■ TASK BRIEF: Return only the lines running from the one that contains "The new Screening" through the end of the entries, exactly, both ends included. Omit pictures.

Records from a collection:
====
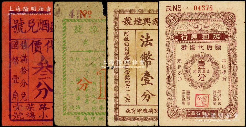 老上海烟号代价券4种,详分:立盛烟兑号代价叁分,泰兴烟号代价券壹分,泰源兴烟号货物代价券法币壹分,茂和烟行临时代价券壹分,六至八成新,敬请预览
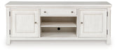 Details | Made with hardwood solids, ash veneer and MDF substrates, Antiqued white finish with wood grain texture, Round metal knobs with aged pewter-tone finish, 2 cabinets, each with adjustable shelf, Open cabinet with adjustable shelf, Smooth-gliding drawer with fully finished interior, dovetail construction and heavy-duty ball-bearing side glides, Cutouts for cord management, Assembly required | |
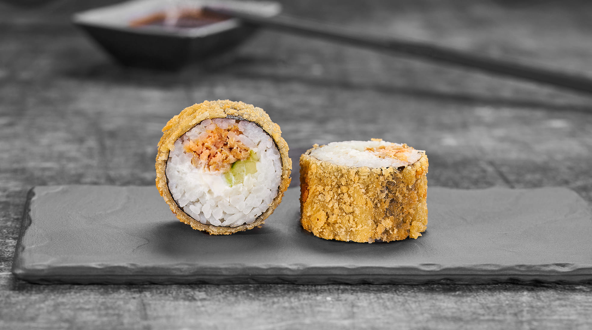 Состав: Лосось терияки, крем чиз, огурец, темпурный кляр, панировочные сухари, рис, нори *Внешний вид блюда может отличаться от фото на сайте.
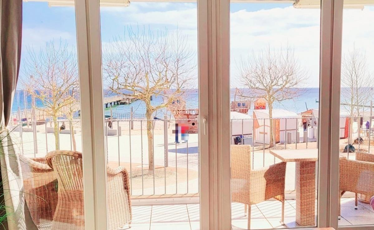 Die 60m²-Wohnung befindet sich in der 1. Etage im Haus "Schönblick" direkt am Südstrand und wurde zuletzt 2020 modernisiert.
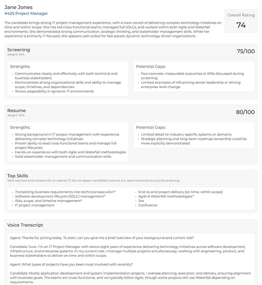 The new Screening Summary provides a clearer, more structured view of a candidate’s screening results, making it easier to quickly identify strengths, potential gaps, and top skills.
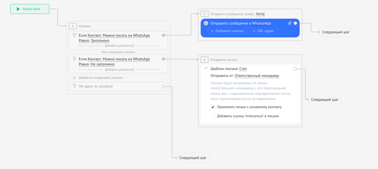 После запуска в salesbot выбрать "Условие" по созданному полю с типом "флаг" в карточке контакта.
====
■ EXERCISE ANSWER:
 The new Screening Summary provides a clearer, more structured view of a candidate’s screening results, making it easier to quickly identify strengths, potential gaps, and top skills.
 После запуска в salesbot выбрать "Условие" по созданному полю с типом "флаг" в карточке контакта.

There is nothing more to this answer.